My personal life is in shambles. I despise my husband right now. ( I guess despise is a little strong, I'm tired of the some of his reactions to life including catering to his ex-wife and hurting me in the process). Financial life is totally in ruins. My work situation is stressful at best. I've managed to NOT stop exercising and my eating has been well within acceptable calorie limits. I haven't gone over enough to gain and I've actually been within loss ranges for the amount of exercise I do. I've shaken up my exercise routine more than once.
I'm beyond frustrated. and I know I shouldn't be comparing or stating my jealousy, but I see some blogs stating how oh my gosh, they aren't losing 3 pounds a week any more... puhleeze, I never even saw 2 pounds a week, much less 3.

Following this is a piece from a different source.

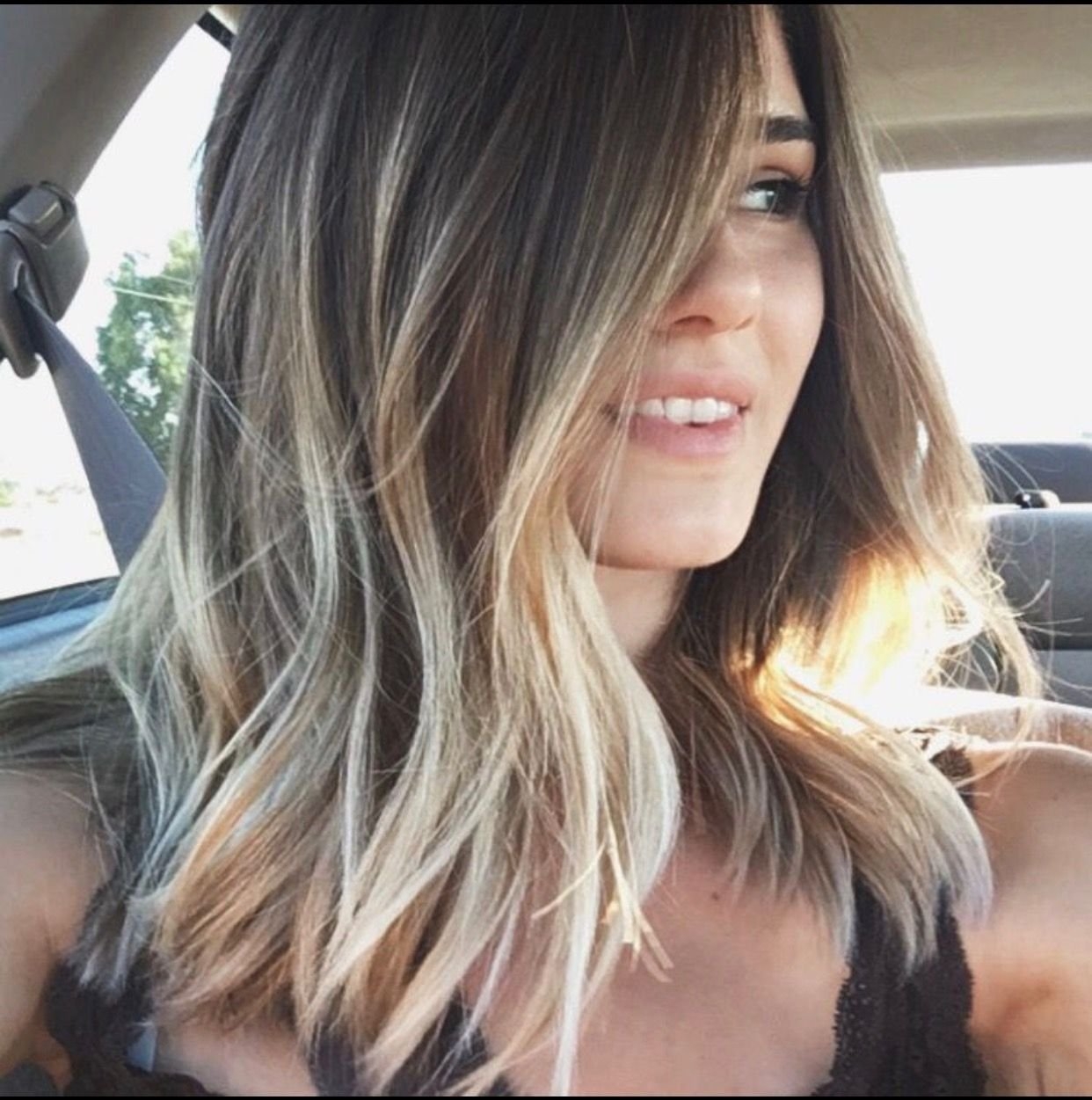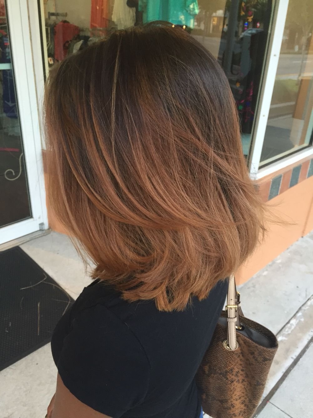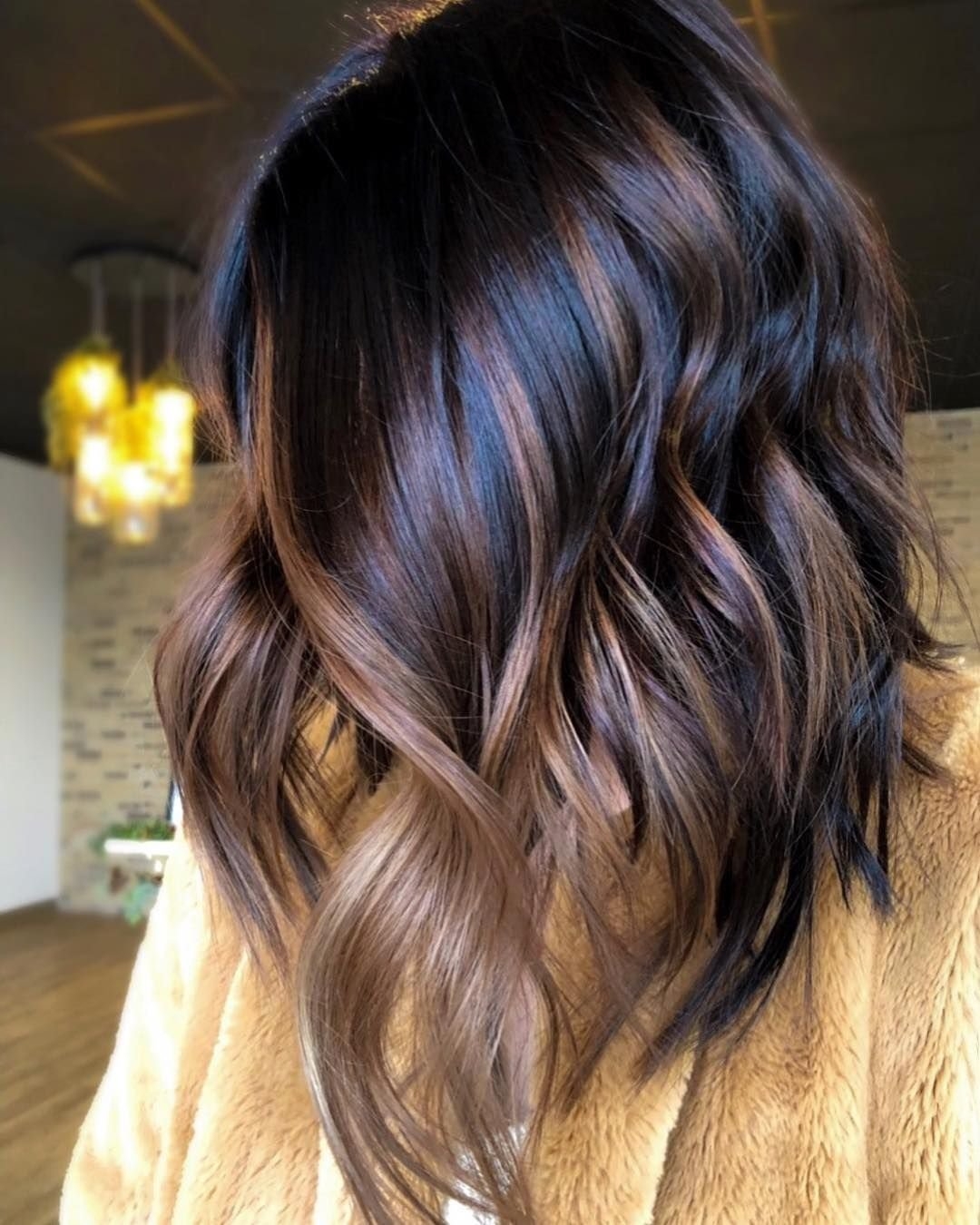 Балаяж на тёмные волосы средней длины прямые волосы
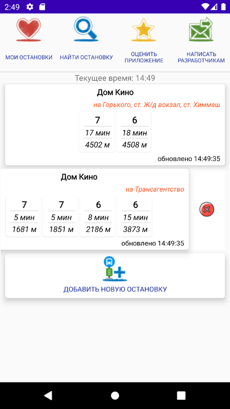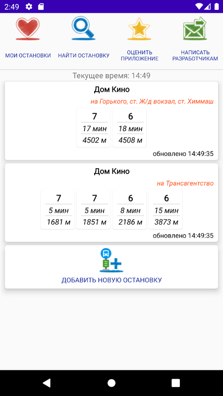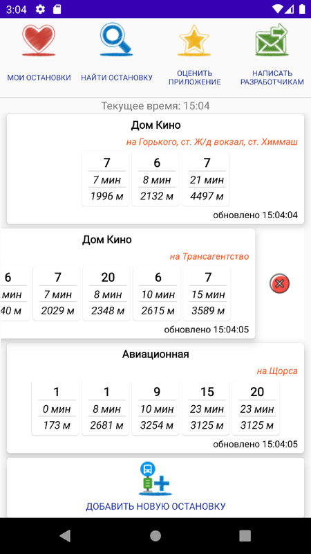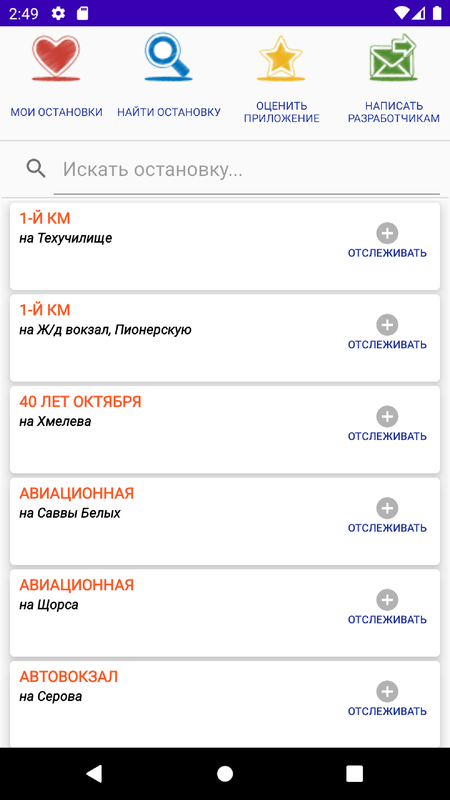 Приложение запоминает конкретные остановки — вам не нужно заново искать их данные. Вы можете следить только за нужным транспортом и быстро находить свою остановку.

I'm just ANGRY, ANGRY, FRUSTRATED, ready to quit this site, all sites and just do this on my own again. Last time I managed it on my own with no change in eating hab its and lost freaking 30 pounds in six months. I'm now at seven months and barely 22 pounds.
I've reset all my trackers as if I've lost NOTHING. It's the only thing I can think of doing. Just act like I'm starting all over. I'm just a freaking STRESS case right now with nowhere to turn. My friends are in their own worlds, I have no husband to count on and no family.. and I'm so tired of this.